MATERIAL PROVIDED:
========================================

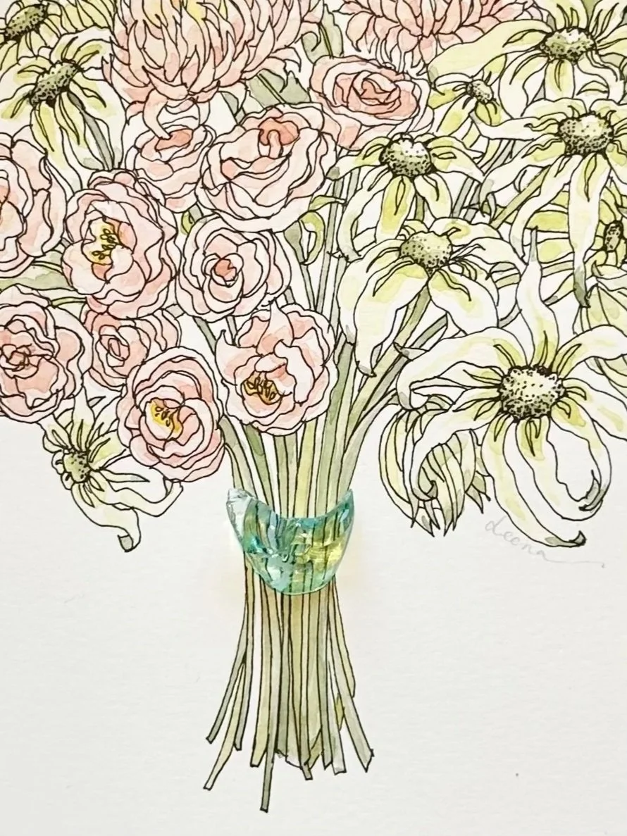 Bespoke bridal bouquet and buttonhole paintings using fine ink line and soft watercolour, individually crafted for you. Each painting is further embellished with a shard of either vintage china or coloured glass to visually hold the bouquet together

========================================

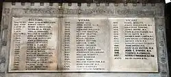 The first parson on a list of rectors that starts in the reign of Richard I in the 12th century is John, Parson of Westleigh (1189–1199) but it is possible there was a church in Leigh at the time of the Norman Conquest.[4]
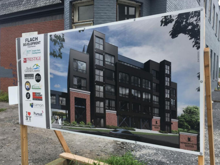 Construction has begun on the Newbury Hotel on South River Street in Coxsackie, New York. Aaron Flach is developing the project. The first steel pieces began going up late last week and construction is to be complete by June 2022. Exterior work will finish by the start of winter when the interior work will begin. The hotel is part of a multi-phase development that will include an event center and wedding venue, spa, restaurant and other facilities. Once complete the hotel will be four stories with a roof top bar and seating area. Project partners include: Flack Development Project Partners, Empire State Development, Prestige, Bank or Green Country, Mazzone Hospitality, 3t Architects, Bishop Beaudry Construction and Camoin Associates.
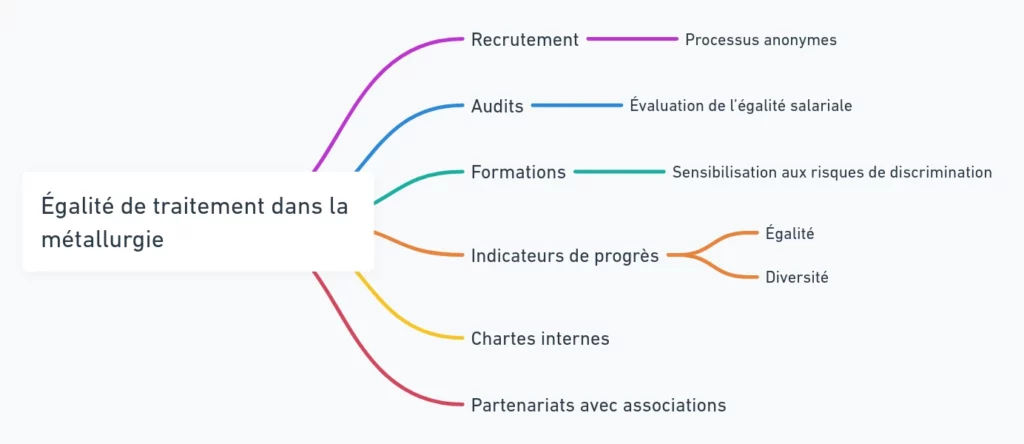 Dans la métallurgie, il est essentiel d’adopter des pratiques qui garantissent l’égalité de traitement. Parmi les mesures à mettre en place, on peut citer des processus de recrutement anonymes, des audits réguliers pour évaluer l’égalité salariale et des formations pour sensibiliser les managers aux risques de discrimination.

========================================

WORK REQUIRED: Reproduce exactly, with no pictures, the lines above from the one holding "The first parson" to the one holding "Dans la métallurgie, il", inclusive.

RESPONSE TO THIS EXERCISE:
 The first parson on a list of rectors that starts in the reign of Richard I in the 12th century is John, Parson of Westleigh (1189–1199) but it is possible there was a church in Leigh at the time of the Norman Conquest.[4]
 Construction has begun on the Newbury Hotel on South River Street in Coxsackie, New York. Aaron Flach is developing the project. The first steel pieces began going up late last week and construction is to be complete by June 2022. Exterior work will finish by the start of winter when the interior work will begin. The hotel is part of a multi-phase development that will include an event center and wedding venue, spa, restaurant and other facilities. Once complete the hotel will be four stories with a roof top bar and seating area. Project partners include: Flack Development Project Partners, Empire State Development, Prestige, Bank or Green Country, Mazzone Hospitality, 3t Architects, Bishop Beaudry Construction and Camoin Associates.
 Dans la métallurgie, il est essentiel d’adopter des pratiques qui garantissent l’égalité de traitement. Parmi les mesures à mettre en place, on peut citer des processus de recrutement anonymes, des audits réguliers pour évaluer l’égalité salariale et des formations pour sensibiliser les managers aux risques de discrimination.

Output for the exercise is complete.